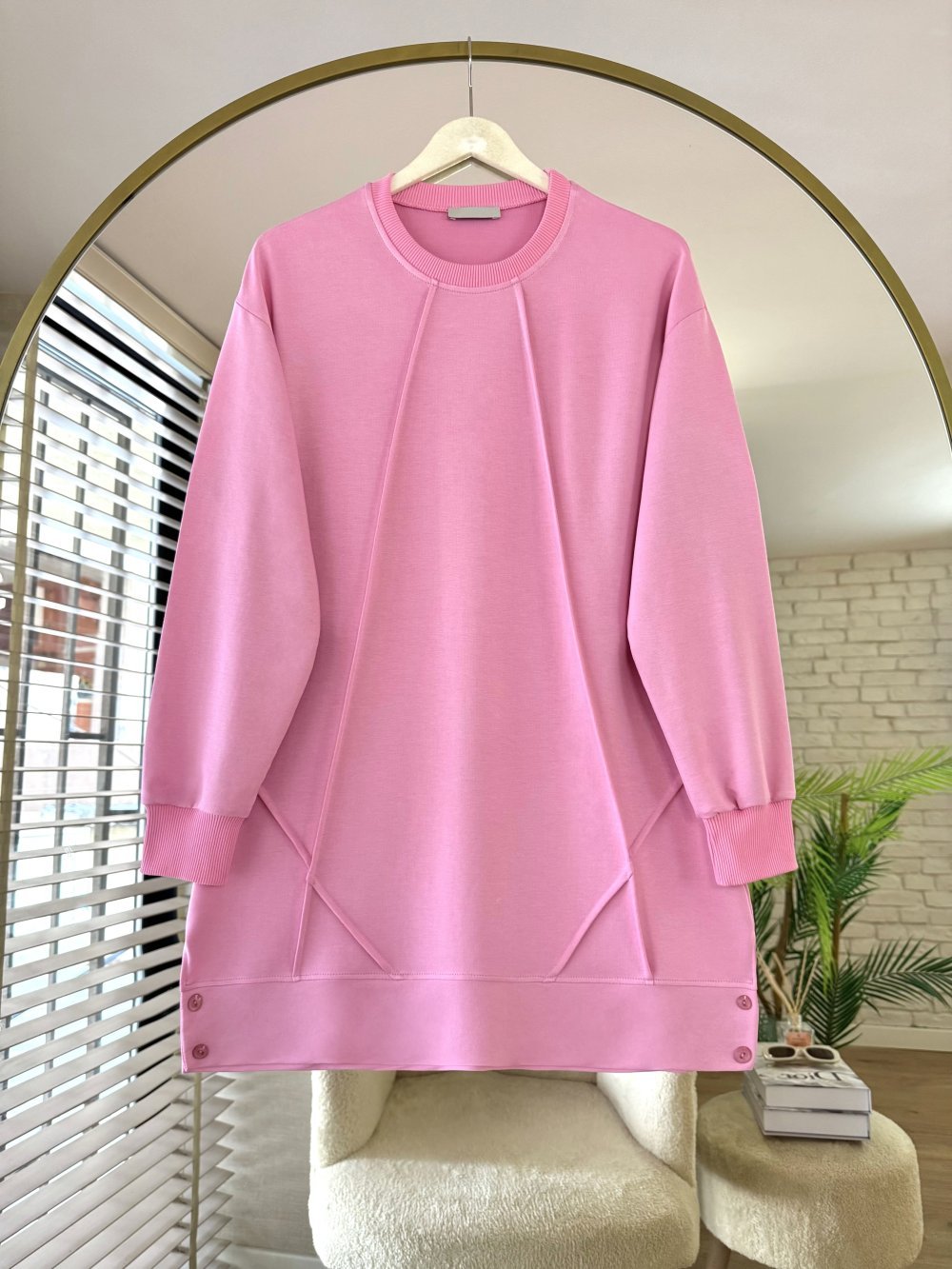 Düğme Detaylı Çımalı Tunik Pembe
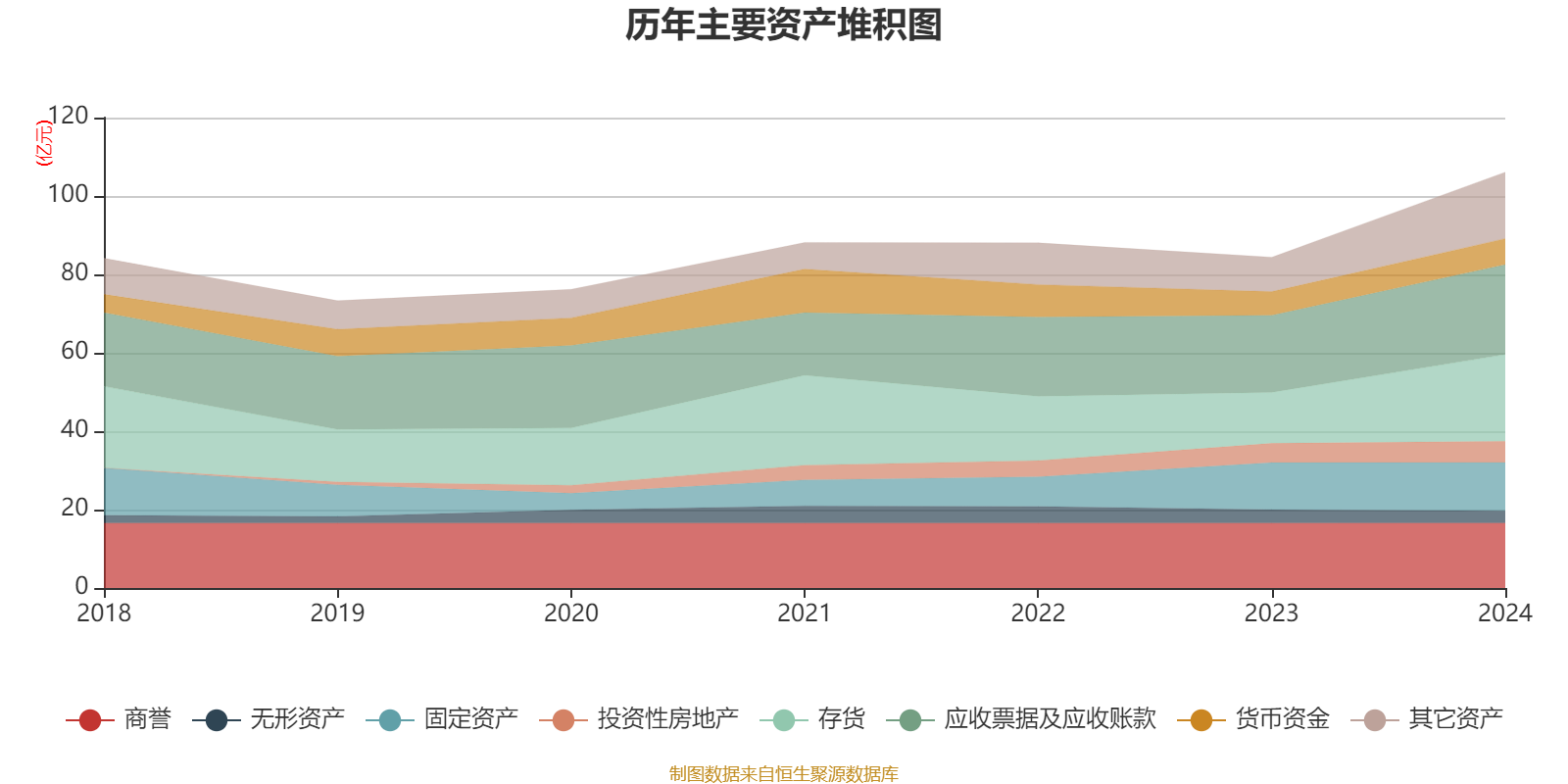 资产重大变化方面,截至2024年末,公司存货较上年末增加70.71%,占公司总资产比重上升5.49个百分点;一年内到期的非流动资产占公司总资产的4.05%,上年末为0;商誉较上年末增加0.18%,占公司总资产比重下降3.98个百分点;固定资产较上年末增加2.73%,占公司总资产比重下降2.6个百分点。
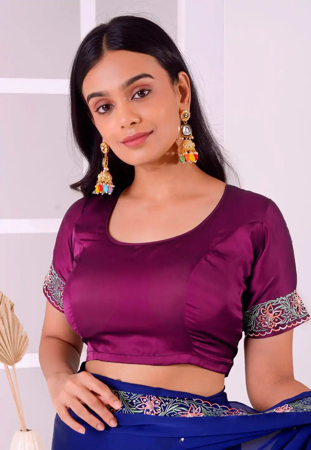 Purple Satin Silk Readymade Blouse

■ **WHAT THE EXERCISE ASKS**
Please give the data again in full, exactly as written, but without any images.

■ **OUTPUT FOR THIS EXERCISE**
 Düğme Detaylı Çımalı Tunik Pembe
 资产重大变化方面,截至2024年末,公司存货较上年末增加70.71%,占公司总资产比重上升5.49个百分点;一年内到期的非流动资产占公司总资产的4.05%,上年末为0;商誉较上年末增加0.18%,占公司总资产比重下降3.98个百分点;固定资产较上年末增加2.73%,占公司总资产比重下降2.6个百分点。
 Purple Satin Silk Readymade Blouse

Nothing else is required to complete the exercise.